Do you have power ? an official position ? Did you use them contrary to the interests of the service for your own personal gain, resulting in the consequences described in the article? Sushi crackers.
What did this look like in practice? The head of the criminal investigation department comes into the car service: “So, Chaldeans, who I am, does everyone know? Here are the keys to the car. So that by the evening it will be like new! Any questions?"
He pressed with authority. With your position and your power .
Judicial practice on abuse of power
According to the article in question, punishment for abuse of official position will be imposed depending on the severity of the act. Let's consider several examples of crimes of varying severity for which sanctions are applied under Article 185 of the Criminal Code of the Russian Federation:
- an employee of the traffic police department issued a false accident report, in which he indicated damage to the car, which in fact did not exist, in order to increase insurance payments to the motorist and share the profit with the car owner;
- the head of the municipal district administration employed a relative, illegally dismissing another employee from this position, while the new employee had neither qualifications, education, nor experience in the relevant position.
Conclusions on judicial practice
Apart from the Criminal Code, abuse of official position is dealt with in Ordinance No. 19, issued by the Supreme Court on October 16, 2009.
Based on these legal acts, a number of conclusions can be drawn:
- When determining the gravity of the crime committed, judges are required to take into account whether the accused has real authority as an official.
- If a citizen works in a commercial company and commits similar actions without being an official, he must be tried under Article 201 of the Criminal Code.
- If during the commission of a crime negative consequences occurred only for a legal entity and did not affect the interests of society or the state, a criminal case will be initiated only after the filing of an application by the head of the affected organization.
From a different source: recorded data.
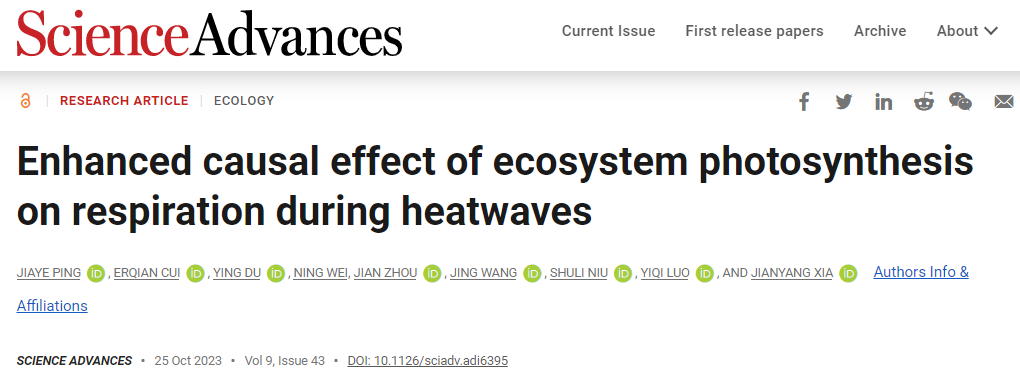 近日,国际学术期刊Science Advances发表了yl6809永利官网夏建阳团队题为“Enhanced causal effect of ecosystem photosynthesis on respiration during heatwaves”的研究论文。该研究融合了收敛交叉映射、野外通量观测和过程模型等技术和方法,定量评估了陆地生态系统光合与呼吸作用之间的双向因果关系,提出并验证了生态系统光合与呼吸作用在高温热浪事件中的“因果关系强化假说”。该研究表明生态系统碳循环的内部过程之间存在复杂的循环因果关系,对理解和预估气候变化背景下的全球生态系统碳汇功能动态具有重要意义。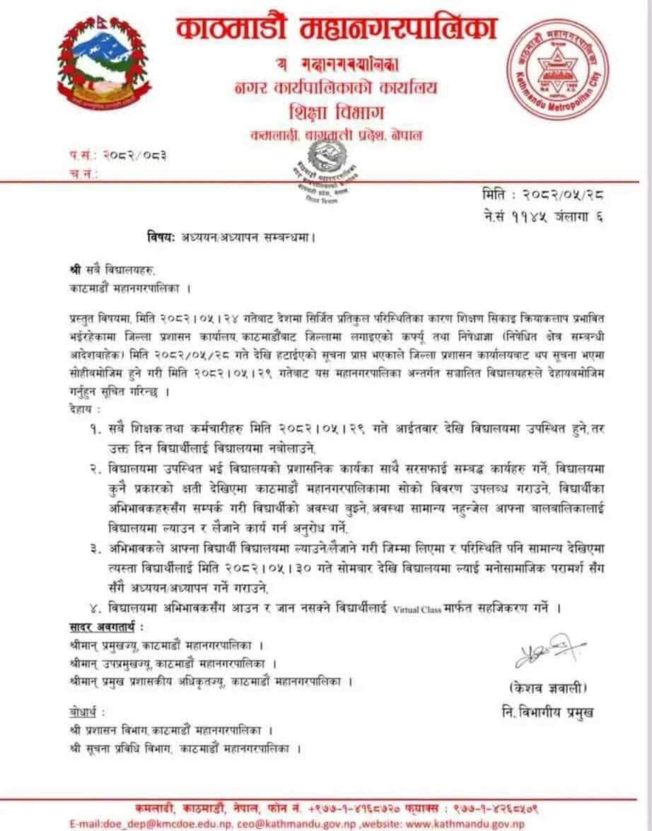 काठमाडौं महानगरले मातहतका विद्यालयहरूलाई पठाएको सूचनामा भोलि शिक्षक कर्मचारीहरूलाई विद्यालयमा उपस्थित हुन तर विद्यार्थीलाई नबोलाउन भनिएको छ । शिक्षक कर्मचारीले विद्यालयको प्रशासनिक कार्यका साथै सरसफाइ सम्बद्ध कार्यहरू गर्न तथा कुनै प्रकारको क्षति देखिएमा महानगरमा विवरण उपलब्ध गराउन समेत निर्देशन दिइएको छ ।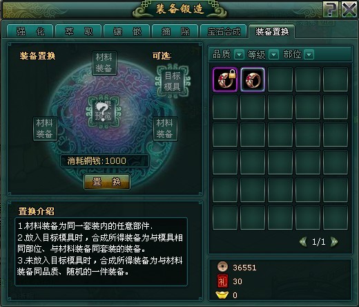 装备置换:意思就是把三件不用的装备转换成您需要的装备部件,装备置换需要3件装备和模具,三件装备+一件模具就可以置换了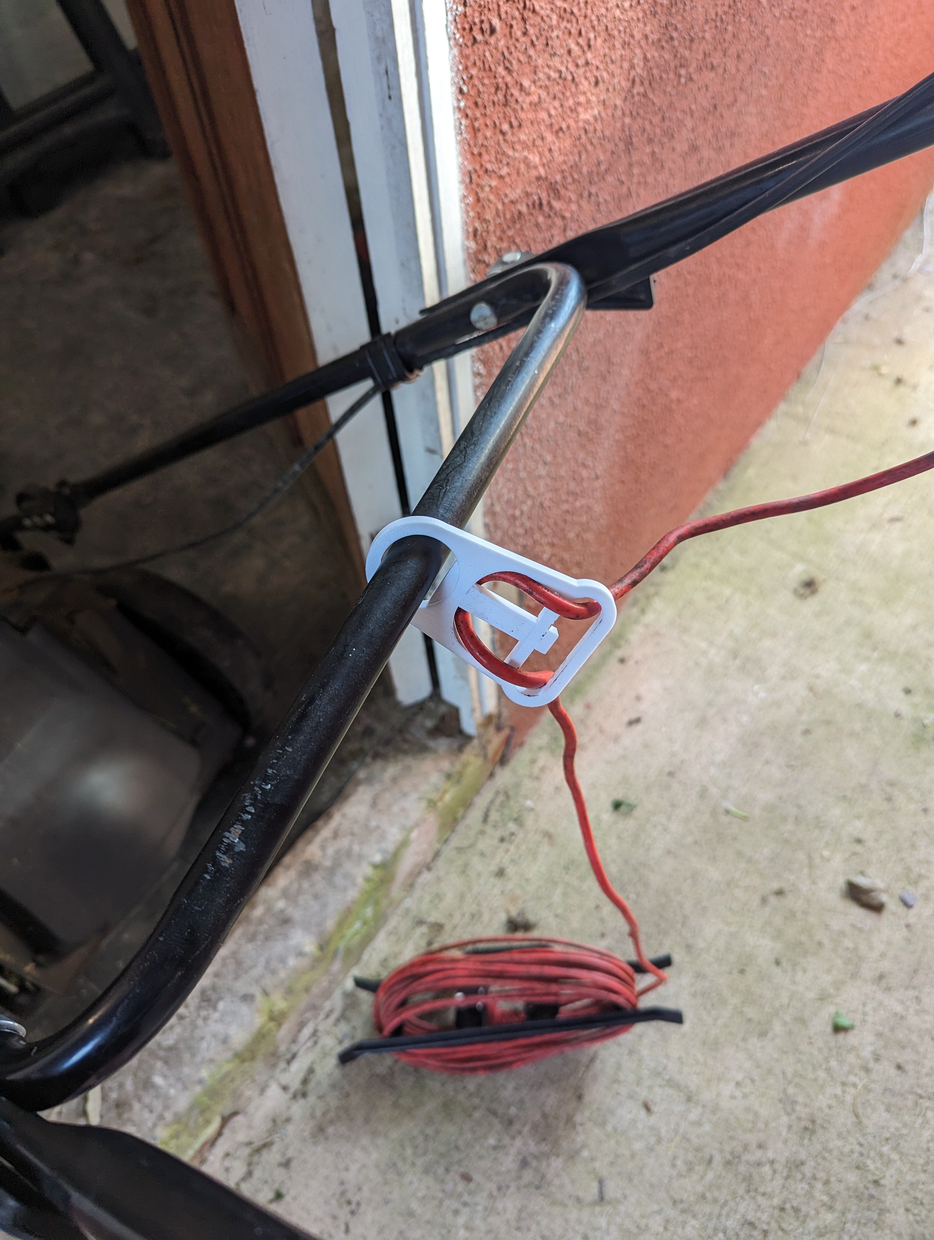 - Zaprojektowany jako trwały zamiennik oryginalnego haka na kabel do elektrycznych kosiarek Aldi.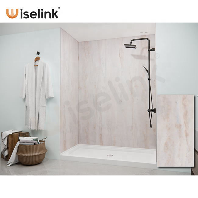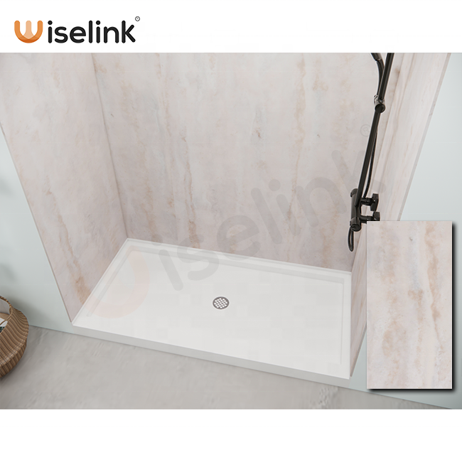 Wiselink Modèles personnalisés Surround de douche Modèle 3D Design Surface solide artificielle Panneau mural de douche pour hôtel Grande dalle

- If a citizen acted at the direction or order of a superior leader, his actions will not be considered a crime.
Abuse of position is not uncommon. However, its presence must be proven. It is also important to prove the existence of consequences and the official concerned.
What investigators must prove in case of abuse of power
Investigators must prove the existence of a crime, namely:
- Object (interests of service, society and state)
- Subject (official)
Objective side (illegal acts using one’s official powers must necessarily lead to a significant violation of the rights and legitimate interests of citizens, society or the state)
Subjective side (deliberate form of guilt, presence of selfish or other personal motives)
The subject of a crime can be officials, who understand:
- persons performing the functions of government representatives,
- persons performing organizational-managerial or administrative-economic functions in state and municipal bodies, state and municipal institutions, state extra-budgetary funds, state corporations, state-owned companies, in the Armed Forces of the Russian Federation.
And the act will be completed when the rights and legitimate interests of other persons are significantly violated.
So investigators must prove that
- the person has any authority,
- he used them contrary to the interests of the service,
- the criminal act caused damage to the rights of citizens, society, the state,
- the suspect had the intent to commit a crime, as well as selfish or other personal motives.